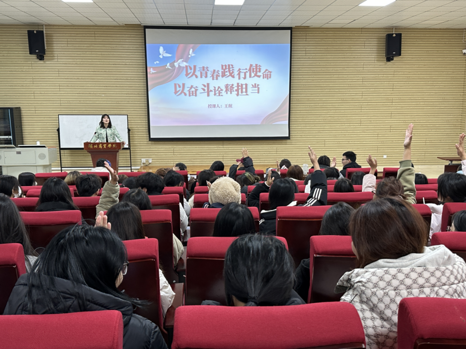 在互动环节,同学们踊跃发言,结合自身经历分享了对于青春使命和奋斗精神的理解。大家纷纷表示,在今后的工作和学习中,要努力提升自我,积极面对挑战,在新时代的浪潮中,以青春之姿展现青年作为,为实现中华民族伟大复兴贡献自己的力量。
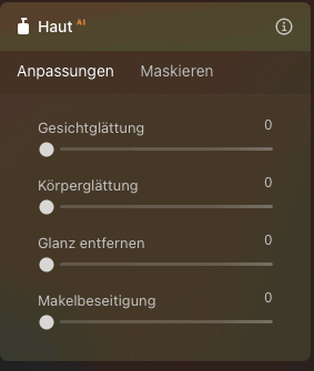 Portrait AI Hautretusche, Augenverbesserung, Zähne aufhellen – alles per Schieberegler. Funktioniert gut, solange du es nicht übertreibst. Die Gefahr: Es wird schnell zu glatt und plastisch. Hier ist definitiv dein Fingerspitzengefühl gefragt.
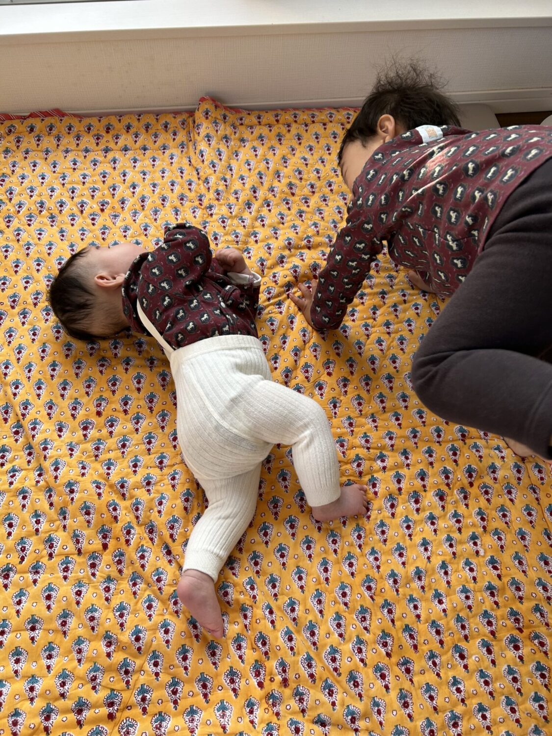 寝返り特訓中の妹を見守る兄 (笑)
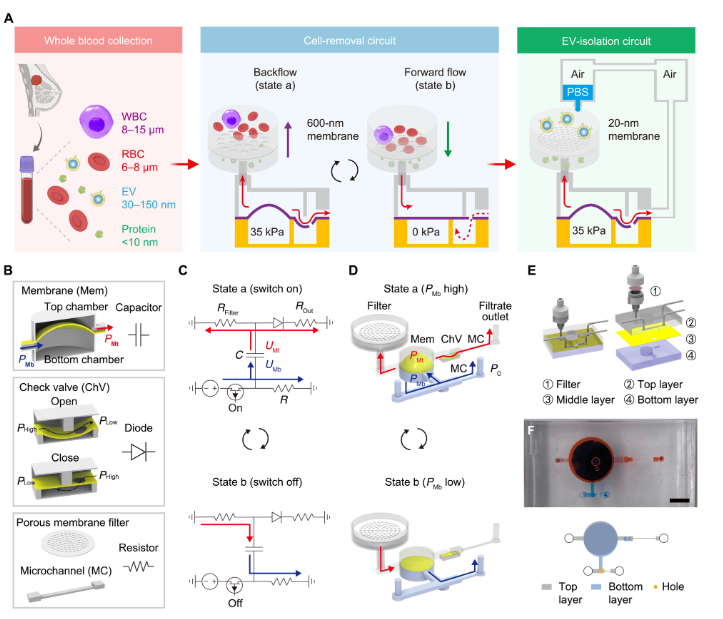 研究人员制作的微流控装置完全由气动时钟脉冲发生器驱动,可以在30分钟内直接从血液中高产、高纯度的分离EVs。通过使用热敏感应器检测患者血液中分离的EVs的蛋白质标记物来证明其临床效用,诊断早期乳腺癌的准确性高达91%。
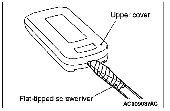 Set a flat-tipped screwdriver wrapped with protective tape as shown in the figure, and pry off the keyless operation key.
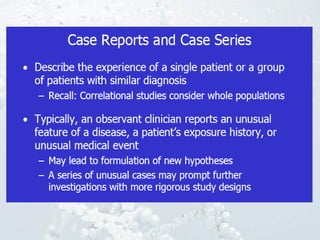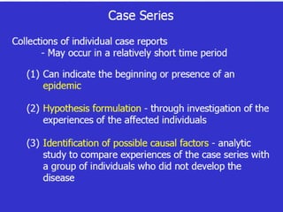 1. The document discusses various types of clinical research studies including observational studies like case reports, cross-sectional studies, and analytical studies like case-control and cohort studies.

...

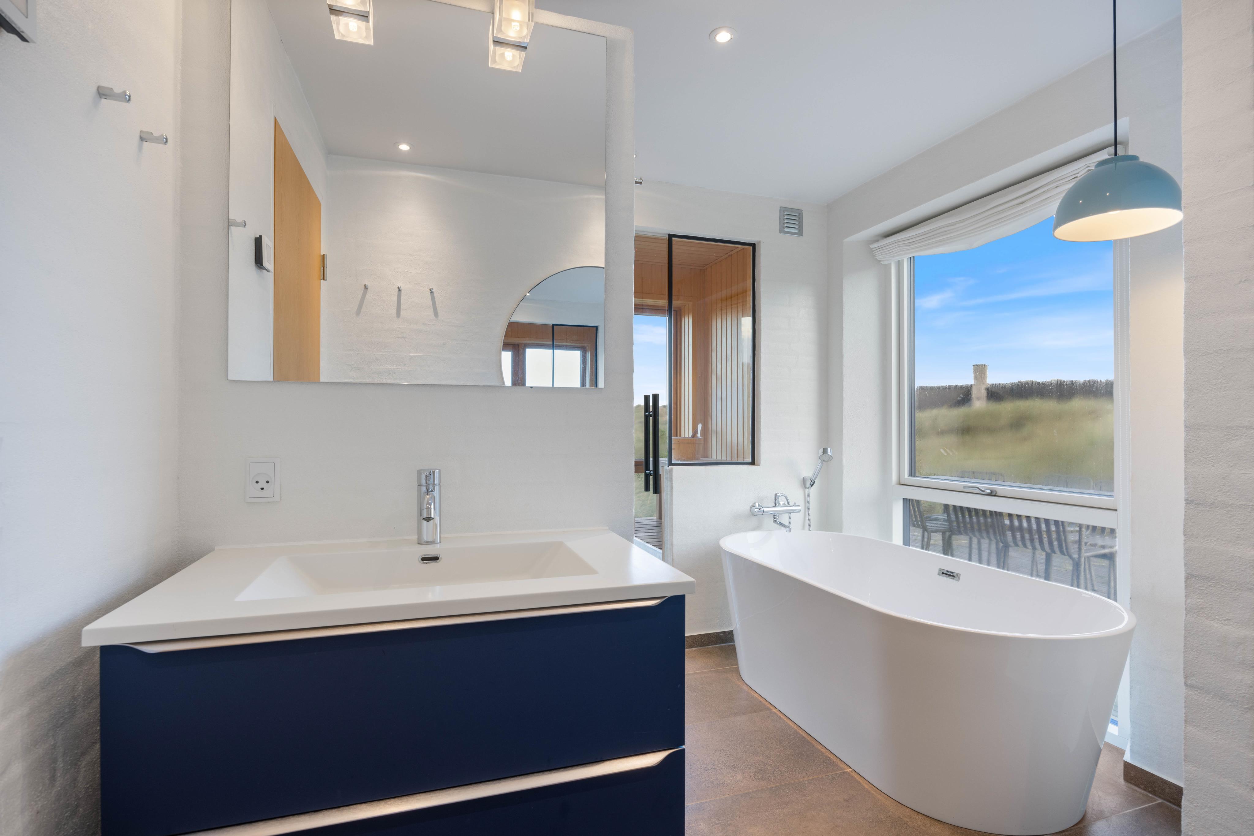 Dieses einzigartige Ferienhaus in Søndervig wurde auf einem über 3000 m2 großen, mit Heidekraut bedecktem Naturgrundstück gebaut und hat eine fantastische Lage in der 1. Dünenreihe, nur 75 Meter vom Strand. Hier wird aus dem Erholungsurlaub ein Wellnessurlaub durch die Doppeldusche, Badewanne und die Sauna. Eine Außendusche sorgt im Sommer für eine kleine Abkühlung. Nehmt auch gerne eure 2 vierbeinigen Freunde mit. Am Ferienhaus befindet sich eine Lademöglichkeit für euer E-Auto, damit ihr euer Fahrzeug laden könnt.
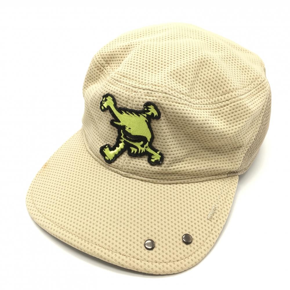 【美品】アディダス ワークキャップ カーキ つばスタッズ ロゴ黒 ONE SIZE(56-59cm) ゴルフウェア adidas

■ What needs to be done: Keep to the lines above from the line with "Set a flat-tipped" to the line with "1. The document", and set down exactly those, inclusive, with nothing else and every picture left out.

■ Reply:
 Set a flat-tipped screwdriver wrapped with protective tape as shown in the figure, and pry off the keyless operation key.
 1. The document discusses various types of clinical research studies including observational studies like case reports, cross-sectional studies, and analytical studies like case-control and cohort studies.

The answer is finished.